Одной из причин возникновения самобытной каталонской идентичности было легко разжигаемое недовольство по поводу значительного вклада, который каталонцы, как ожидалось, должны были внести в национальную казну, отчасти вследствие создания в 1985 году Межтерриториального компенсационного фонда для оказания помощи беднейшим регионам Испании. Но Каталония — как и страна Басков, Галисия, Наварра и другие недавно утвердившиеся автономные провинции — также выигрывала от выхолащивания «испанскости». Франко полностью исчерпал традиционный набор государственных притязаний — славу империи, честь армии, власть испанской церкви, а после его смерти многих испанцев мало интересовали разговоры о наследии или традиции.

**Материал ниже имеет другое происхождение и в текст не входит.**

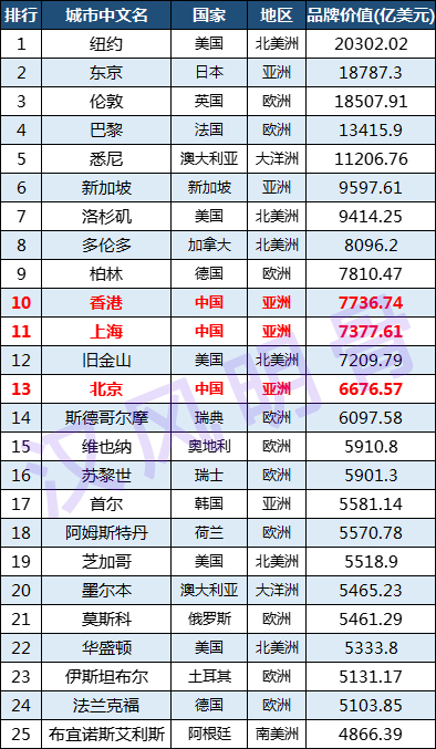 具体来看的话,美国的纽约城市品牌价值高达20302亿美元,是世界第一大城市,也是全球唯一品牌价值超过2万亿美元的城市;东京、伦敦、巴黎、悉尼四座城市的品牌价值均超过1万亿元,依次排名第二至第五;新加坡、洛杉矶、多伦多、柏林、香港五座城市的品牌价值介于7500—10000亿美元之间,也跻身世界十强城市,排名第十的香港,是我国排名最高的城市。
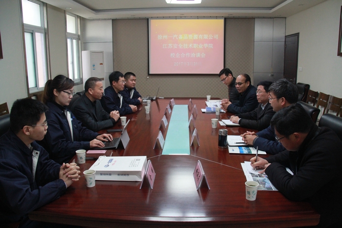 3�31日,徐州一汽备品资源有限公司董事长闫久纀总工程师王永士、商务助理陈熙、总监高立启、运营总监金明一行五人来我校洽谈合作事宜。校领导徐建春、任国兴,招生就业处处长张允志、数控技术系主任陈子银、汽车工程系主任佟廷友出席会议�
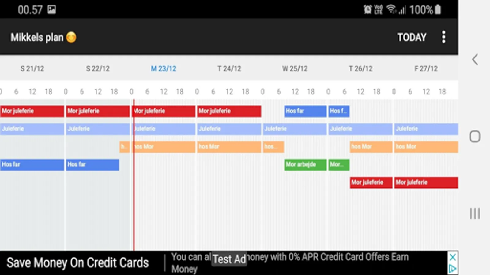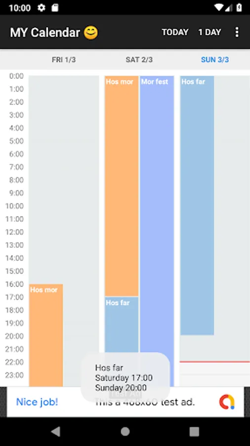 Start view is a 3 day view, where each day takes up one column (possible to zoom in). Full day events are painted from start to finish, to give a more intuitive viewing.
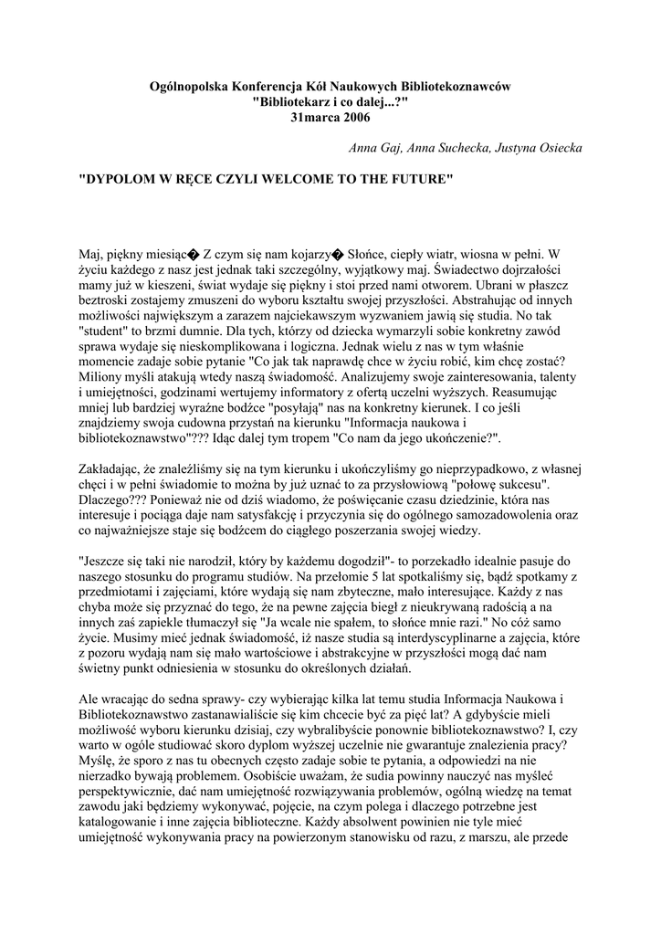 Ogólnopolska Konferencja Kół Naukowych Bibliotekoznawców "Bibliotekarz i co dalej...?" 31marca 2006 Anna Gaj, Anna Suchecka, Justyna Osiecka "DYPOLOM W RĘCE CZYLI WELCOME TO THE FUTURE" Maj, piękny miesiąc� Z czym się nam kojarzy� Słońce, ciepły wiatr, wiosna w pełni. W życiu każdego z nasz jest jednak taki szczególny, wyjątkowy maj. Świadectwo dojrzałości mamy już w kieszeni, świat wydaje się piękny i stoi przed nami otworem. Ubrani w płaszcz beztroski zostajemy zmuszeni do wyboru kształtu swojej przyszłości. Abstrahując od innych możliwości największym a zarazem najciekawszym wyzwaniem jawią się studia. No tak "student" to brzmi dumnie. Dla tych, którzy od dziecka wymarzyli sobie konkretny zawód sprawa wydaje się nieskomplikowana i logiczna. Jednak wielu z nas w tym właśnie momencie zadaje sobie pytanie "Co jak tak naprawdę chce w życiu robić, kim chcę zostać? Miliony myśli atakują wtedy naszą świadomość. Analizujemy swoje zainteresowania, talenty i umiejętności, godzinami wertujemy informatory z ofertą uczelni wyższych. Reasumując mniej lub bardziej wyraźne bodźce "posyłają" nas na konkretny kierunek. I co jeśli znajdziemy swoja cudowna przystań na kierunku "Informacja naukowa i bibliotekoznawstwo"??? Idąc dalej tym tropem "Co nam da jego ukończenie?". Zakładając, że znaleźliśmy się na tym kierunku i ukończyliśmy go nieprzypadkowo, z własnej chęci i w pełni świadomie to można by już uznać to za przysłowiową "połowę sukcesu". Dlaczego??? Ponieważ nie od dziś wiadomo, że poświęcanie czasu dziedzinie, która nas interesuje i pociąga daje nam satysfakcję i przyczynia się do ogólnego samozadowolenia oraz co najważniejsze staje się bodźcem do ciągłego poszerzania swojej wiedzy. "Jeszcze się taki nie narodził, który by każdemu dogodził"- to porzekadło idealnie pasuje do naszego stosunku do programu studiów. Na przełomie 5 lat spotkaliśmy się, bądź spotkamy z przedmiotami i zajęciami, które wydają się nam zbyteczne, mało interesujące. Każdy z nas chyba może się przyznać do tego, że na pewne zajęcia biegł z nieukrywaną radością a na innych zaś zapiekle tłumaczył się "Ja wcale nie spałem, to słońce mnie razi." No cóż samo życie. Musimy mieć jednak świadomość, iż nasze studia są interdyscyplinarne a zajęcia, które z pozoru wydają nam się mało wartościowe i abstrakcyjne w przyszłości mogą dać nam świetny punkt odniesienia w stosunku do określonych działań. Ale wracając do sedna sprawy- czy wybierając kilka lat temu studia Informacja Naukowa i Bibliotekoznawstwo zastanawialiście się kim chcecie być za pięć lat? A gdybyście mieli możliwość wyboru kierunku dzisiaj, czy wybralibyście ponownie bibliotekoznawstwo? I, czy warto w ogóle studiować skoro dyplom wyższej uczelnie nie gwarantuje znalezienia pracy? Myślę, że sporo z nas tu obecnych często zadaje sobie te pytania, a odpowiedzi na nie nierzadko bywają problemem. Osobiście uważam, że sudia powinny nauczyć nas myśleć perspektywicznie, dać nam umiejętność rozwiązywania problemów, ogólną wiedzę na temat zawodu jaki będziemy wykonywać, pojęcie, na czym polega i dlaczego potrzebne jest katalogowanie i inne zajęcia biblioteczne. Każdy absolwent powinien nie tyle mieć umiejętność wykonywania pracy na powierzonym stanowisku od razu, z marszu, ale przede wszystkim...ocenienia, czy to co się robi w bibliotece, na stanowisku, na które trafi, robi się należycie, czy w ogóle ma to sens". Mam nadzieję, że studia które ukończymy dadzą nam możliwość pracy w wymarzonym przez nas zawodzie lub w takim, który choć w połowie sprosta naszym oczekiwaniom. Oczywiście wszystkim nam tego życzę. Pozwoliłam sobie na podstawie specjalizacji i przedmiotów, które występują w siatce zajęć Uniwersytetu Śląskiego zaproponować kilka pomysłów na "karierę zawodową" dla absolwentów INIB. I tak Bibliotekarstwo współczesne to szansa na pracę: • • • • • w dziale public relations na stanowisku zarządzającego zasobami ludzkimi w marketingu bibliotecznym w dziale promocji- w szerokim tego słowa znaczeniu w dziale zarządzania strategicznego biblioteki Bibliografia i informacja naukowa daje nam możliwość: • • • • • tworzenia stron WWW tworzenia i zarządzania bazami danych pracy jako inforbrokerzy zarządzania systemami informacyjnymi w edukacji pracy przy wykorzystywaniu informacji w takich dziedzinach jak prawo i gospodarka Książka, prasa, biblioteki oraz czytelnictwo dzieci i młodzieży to szansa na pracę: • • • jako biblioterapeuta jako nauczyciel-bibliotekarz w ośrodkach kulturalno-oświatowych Ochrona i konserwacja zbiorów pozwala wykonywać takie zawody jak: • • • introligator konserwator zbiorów kustosz Edytorstwo, pomimo iż ta specjalizacja dopiero jest w trakcie planów, to w siatce zajęć znajdują się takie przedmioty jak edytorstwo i elektroniczny warsztat edytora, które dają nam możliwość podjęcia pracy w wydawnictwie. Zarówno po, jak i w trakcie studiów możemy także rozwijać swoje zainteresowania, dokształcać się i poszerzać horyzonty myślowe na różnego rodzaju kursach, szkoleniach i studiach podyplomowych. I tak na przykład: • Fundacja Bertelsmanna we współpracy z Biblioteką Uniwersytetu Warszawskiego i EBIBem zorganizowała internetowy kurs dla bibliotekarzy pod nazwą BIBWEB. W kursie tym mogą uczestniczyć również studenci, ale także każdy kto tylko wyrazi chęć • • Centrum Edukacji Bibliotekarskiej, Informacyjnej i Dokumentacyjnej CEBID oferuje szkolenia z zakresu: katalogowania w Języku Haseł Przedmiotowych Biblioteki Narodowej, obsługi programu MAK i MARC 21, tworzenia stron internetowych Uniwersytet Śląski, dla przykładu, oferuje studia podyplomowe z zakresu: Biblioteki i systemy informacyjne w Unii Europejskiej oraz Zarządzanie iemarketing w bibl
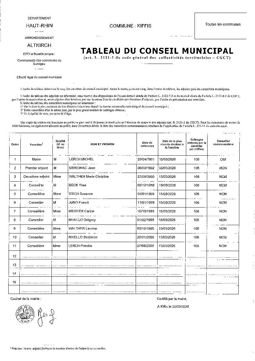 Vous trouverez ci-joint le tableau du Conseil municipal ainsi que la feuille de proclamation du Maire et des adjoints. Ces documents reflètent votre vote et marquent le début de notre engagement au service de tous.
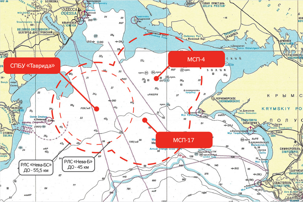 Вышки стали удобным плацдармом для контроля за передвижением любых объектов не только в воде, но под водой, а также в воздухе. Радиотехнические системы установлены на самоподъемной буровой установке (СПБУ) «Таврида» и морских стационарных платформах МСП-17 месторождения «Штормовое», а также на МСП-4 месторождения «Голицинское».

На самом деле испанцы, как и предыдущее поколение немцев, что жили после авторитаризма, решительно отвергали «досужие разговоры о государственности». Зато идентичности, связанные с регионом или провинцией, не были запачканы ассоциациями с авторитаризмом: наоборот, они были излюбленной мишенью старого режима, поэтому их убедительно изображали как неотъемлемый компонент переходу к демократии. Эта связь между автономией, сепаратизмом и демократией была менее ясной в случае с Басками, где ЭТА следовала своим кровавым путем (в 1995 году она даже совершила попытки покушений на короля и премьер-министра). Более того, в то время как шесть миллионов каталонцев процветали, старые промышленные районы страны Басков находились в упадке. Безработица увеличивалась, а уровень доходов в регионе был ниже, чем в Каталонии, и был близок к среднему по стране.
Если баскским националистам не удалось извлечь выгоду из этих проблем, то в значительной степени потому, что существенную часть двухмиллионного населения этого региона составляли приезжие — по состоянию на 1998 год только каждый четвертый владел эускара — баскским языком. Не удивительно, что они мало интересовались сепаратистскими движениями: только 18% басков выразили поддержку независимости, отдав предпочтение региональной автономии, которую они уже обеспечили. Даже большинство избирателей баскской национальной разделяли такую позицию. Что касается партии Herri Batasuna («Единство народа»), политического крыла ЭТА, то она теряла голоса в пользу умеренных автономистов и даже основных испанских партий. К концу десятилетия она превратилась в партию аутсайдеров для разочарованных зеленых, феминисток, марксистов и антиглобалистов.
В Испании раскол национального государства был вызван воспоминаниями о прошлом. В Италии это чаще всего было результатом нынешних недовольств. Традиционно проблемные регионы Италии находились на крайнем севере: пограничные регионы, где местное население еще помнило, как им навязали итальянскую идентичность — часто вследствие войны и обычно против их воли, — и где большинство все еще вместо итальянского говорило на французском, немецком или словенском языке. В основном недовольство в этих регионах удалось преодолеть благодаря ряду договоренностей, согласно которым были основаны новые автономные регионы: Валле д'Аоста на альпийском Северо-Западе, где сходятся Италия, Франция и Швейцария; Трентино-Альто-Адидже, который граничит с австрийским Тиролем; и Фриули-Венеция-Джулия вдоль этнически неоднородного границы с Югославией (позже — Словенией). Такие регионы также воспользовались (как мы уже видели в случае с Альто-Адидже) рядом региональных субсидий и других стимулов от Европейского Союза в Брюсселе. К 1990-м годам, с помощью альпийского туризма и с течением времени, северные пограничные земли Италии исчезли с политического горизонта, превратившись в региональные закоулки на континенте регионов. Однако их место заняла более угрожающая форма регионального сепаратизма. С 1970 года, в запоздалом соответствии с положениями послевоенной Конституции, Италия была разделена на пятнадцать регионов, в дополнение к пяти автономным провинциям (три пограничных округа, а также Сардиния и Сицилия). Прецедентов, безусловно, было достаточно: Пьемонт, Умбрия или Эмилия имели не меньшее право претендовать на историческую обособленность, чем Каталония или Галисия, и хотя региональные языковые различия, что всего несколько десятилетий назад были такими разительными, стали менее заметны, все равно они исчезли не до конца. Но новые регионы Италии — в отличие от регионов Испании — были в значительной степени административной фикцией. Несмотря на то, что они могли похвастаться собственными местными выборными советами и органами власти (и давали много рабочих мест), региональные единицы в Италии не смогли ни преодолеть местной идентичности итальянцев на уровне родного города или села, ни политически и прежде всего экономически отделиться от столицы. Однако создание регионов напомнило итальянцам о фундаментальном и продолжающемся разрыве между процветающим Севером и зависимым Югом — и выразило политическое недовольство, к которому этот разрыв приводил.